What to work on
The response should consist only of the lines from the one with "ZOCO - Classification" to the end of the data below, copied exactly and without pictures.

Recorded information

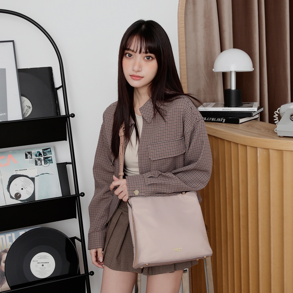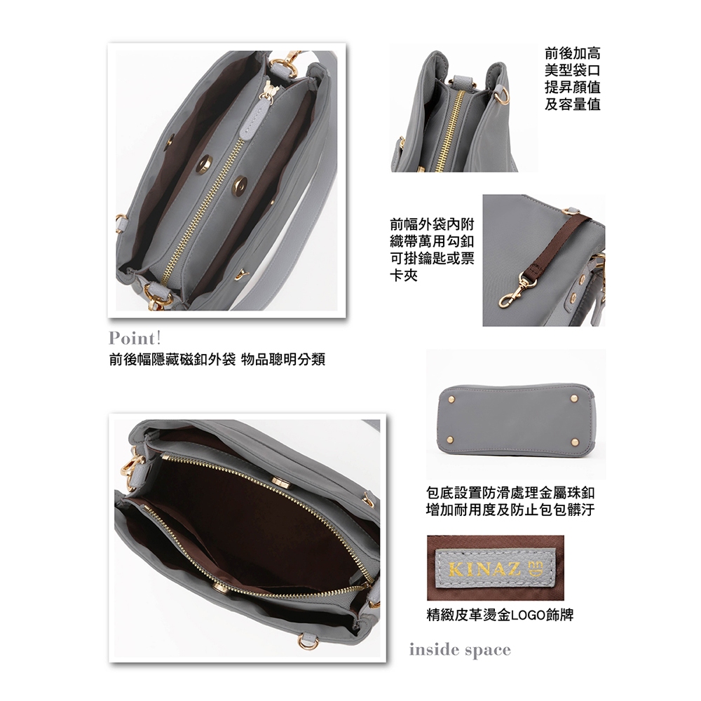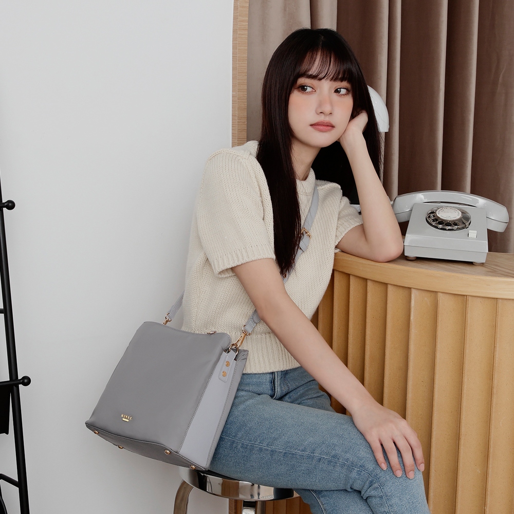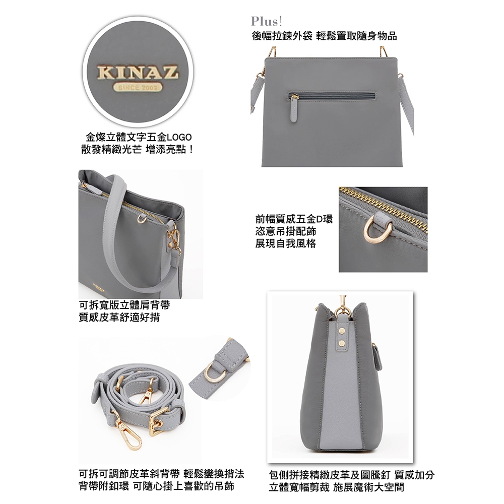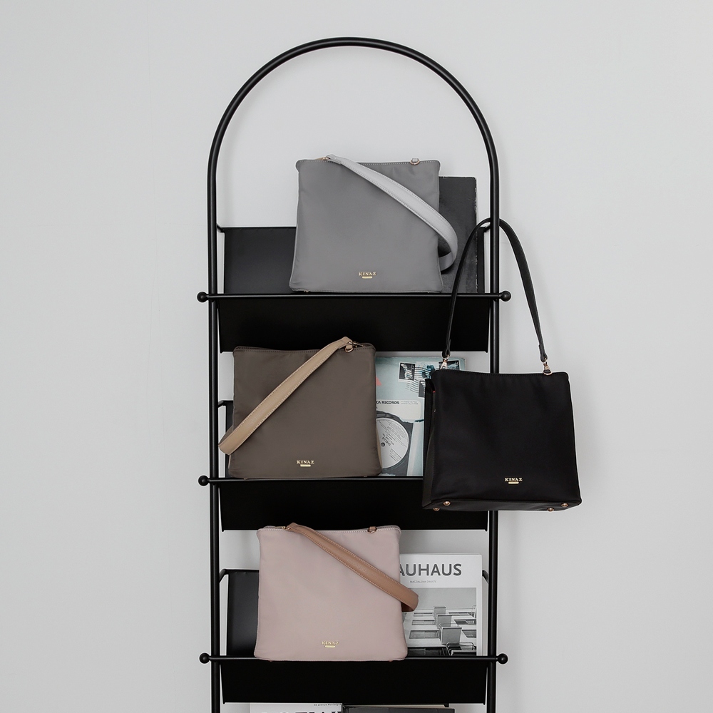 KINAZ 多層拼接皮革雙背帶肩背斜背尼龍包-企鵝系列貝殼粉|極光黑|日蝕褐|礁石灰KINAZ官方直營
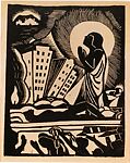 The boldness of this woodcut design may have been inspired by the German Expressionist prints Wells saw during his student years at Columbia University’s Teachers College (1924–28), and by his subsequent association with New York art dealer and print enthusiast J. B. Neumann, an early champion of German Expressionism. The young artist made his first prints in 1927, displaying a preference for relief printmaking (woodcuts and linocuts). Initially, his images were created to illustrate texts in leading African American periodicals such as The Crisis and Opportunity, but eventually he produced them as independent works of art. In this powerful example, Wells joins religious iconography and his faith in a promised land with secular symbols of oppression and temptation in American society.
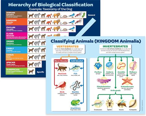 ZOCO - Classification Of Animals & Biological Hierarchy - Science Poster Set, Laminated 17X22 - Must Have 2-Pack For Biology Classroom
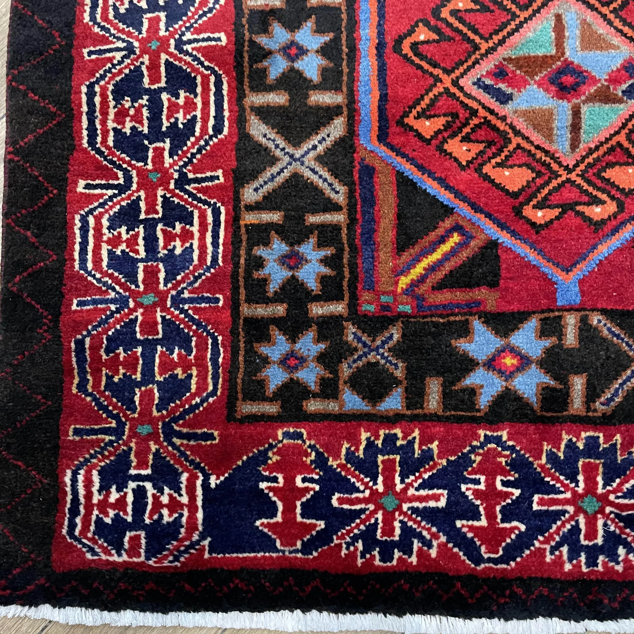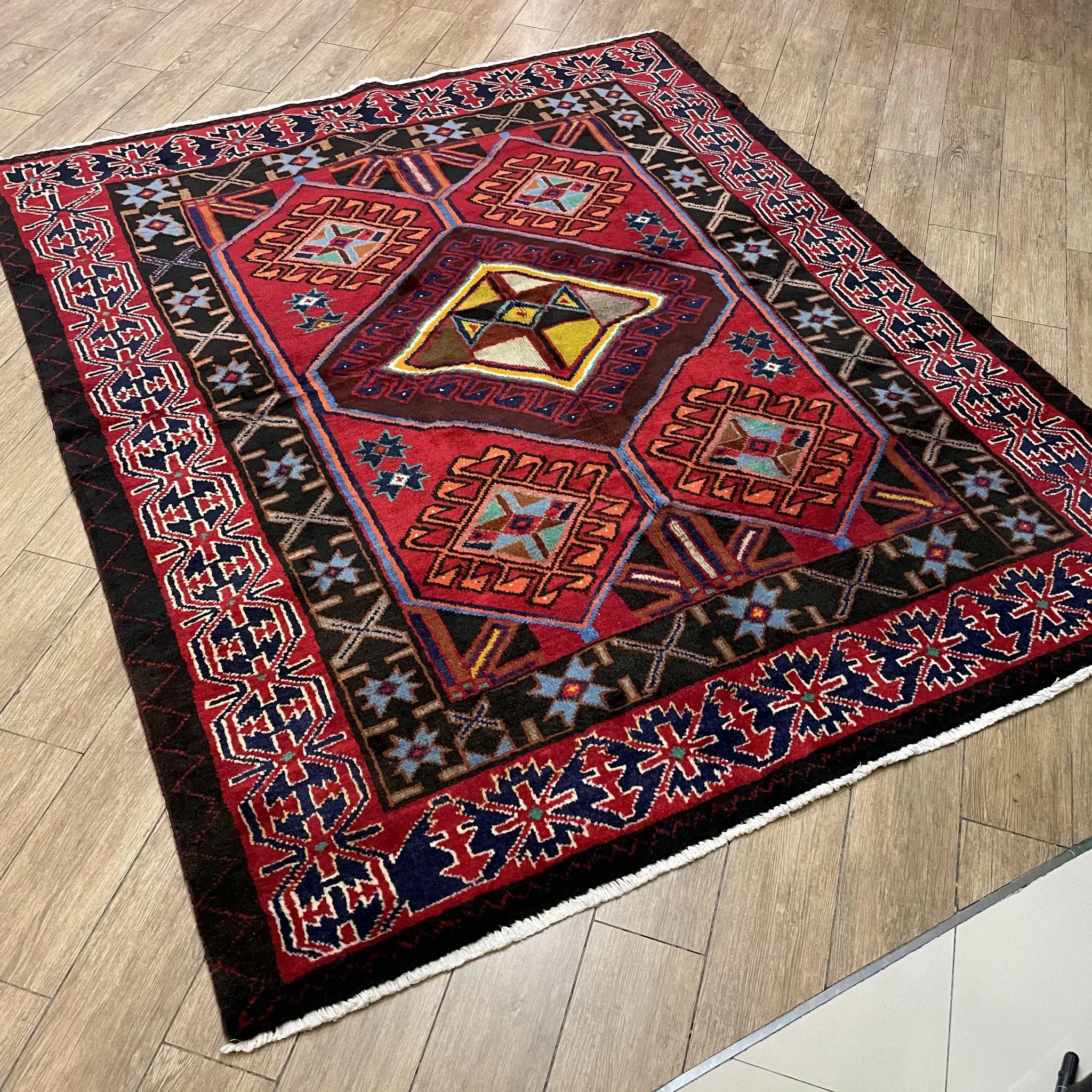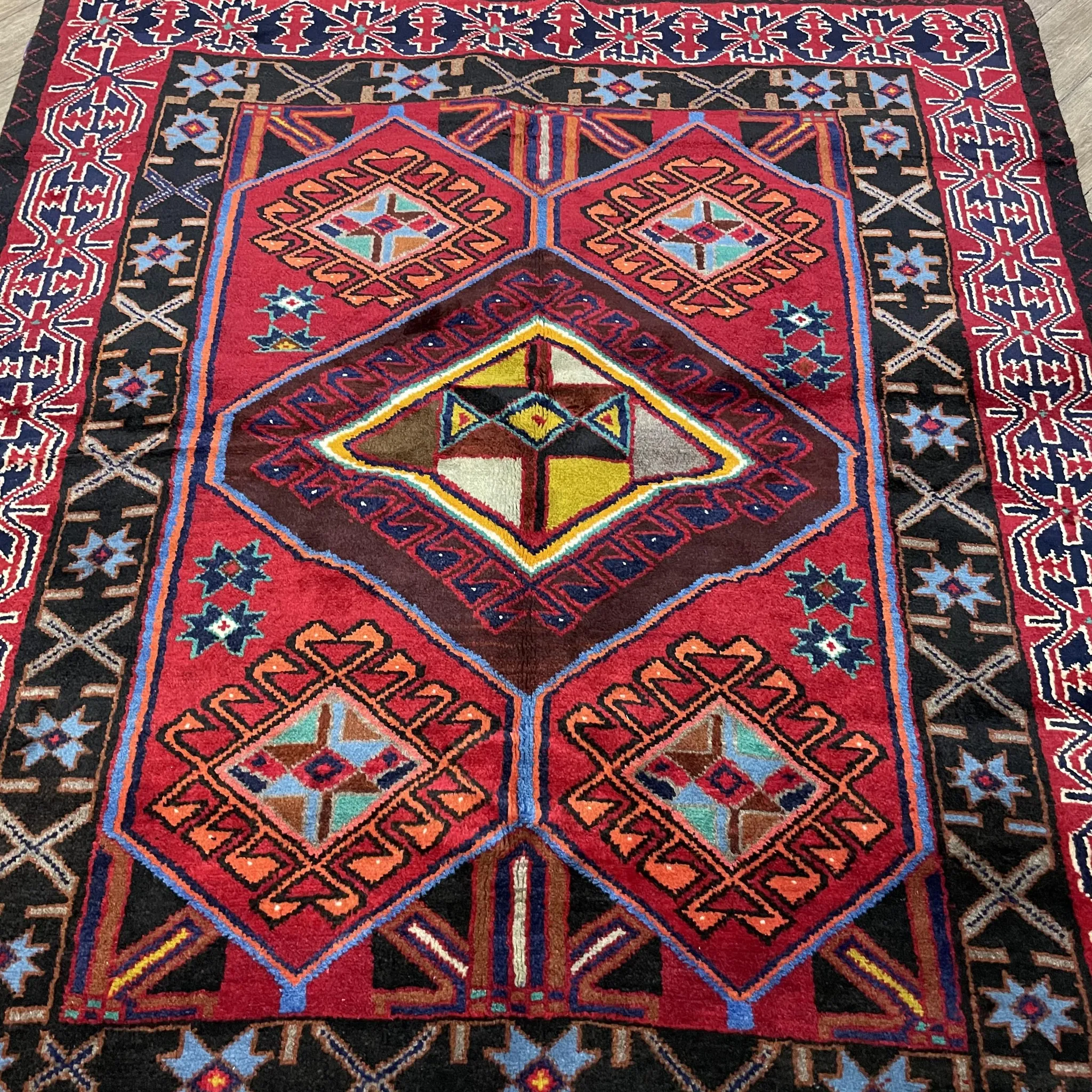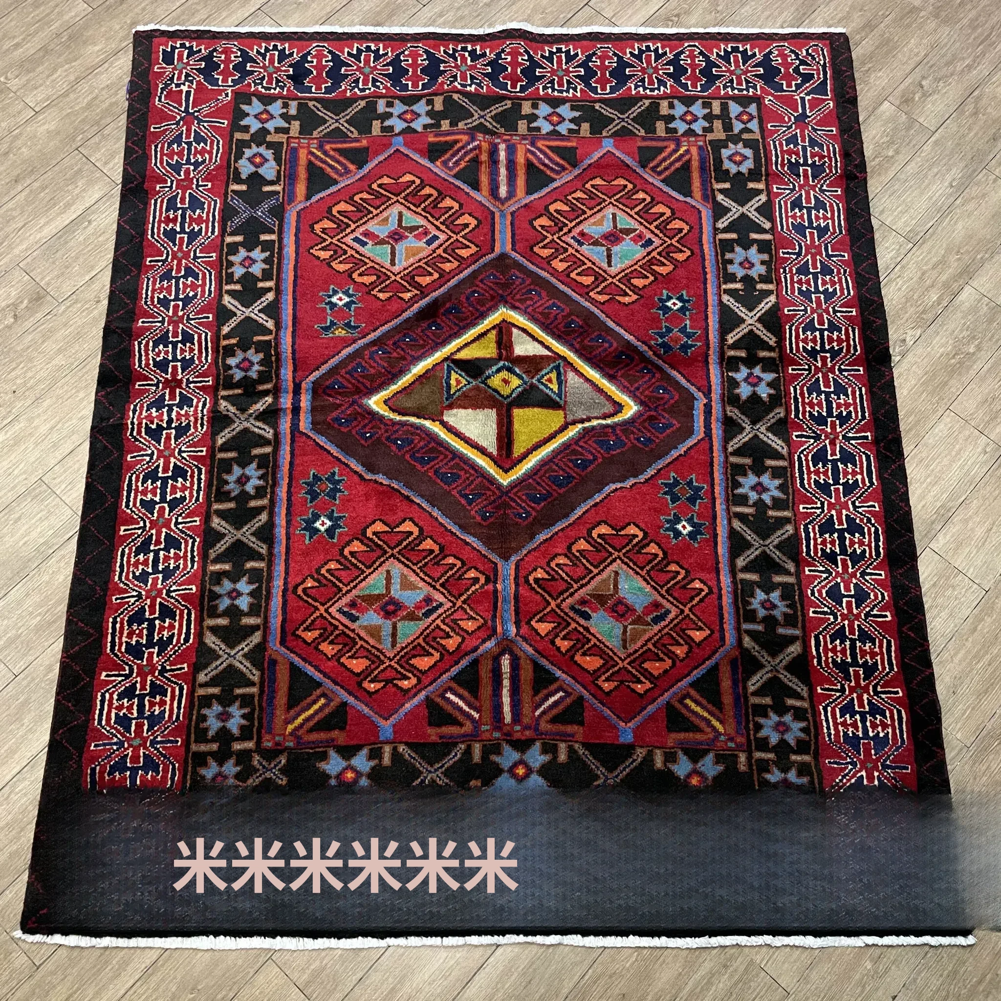 FERDOWS輸入手作絨毯 - 純羊毛で織り上げたペルシャ風アメリカンスタイル、民族的な部族の魅力を持つ、どんなインテリアにもぴったり!

Expected answer
 ZOCO - Classification Of Animals & Biological Hierarchy - Science Poster Set, Laminated 17X22 - Must Have 2-Pack For Biology Classroom
 FERDOWS輸入手作絨毯 - 純羊毛で織り上げたペルシャ風アメリカンスタイル、民族的な部族の魅力を持つ、どんなインテリアにもぴったり!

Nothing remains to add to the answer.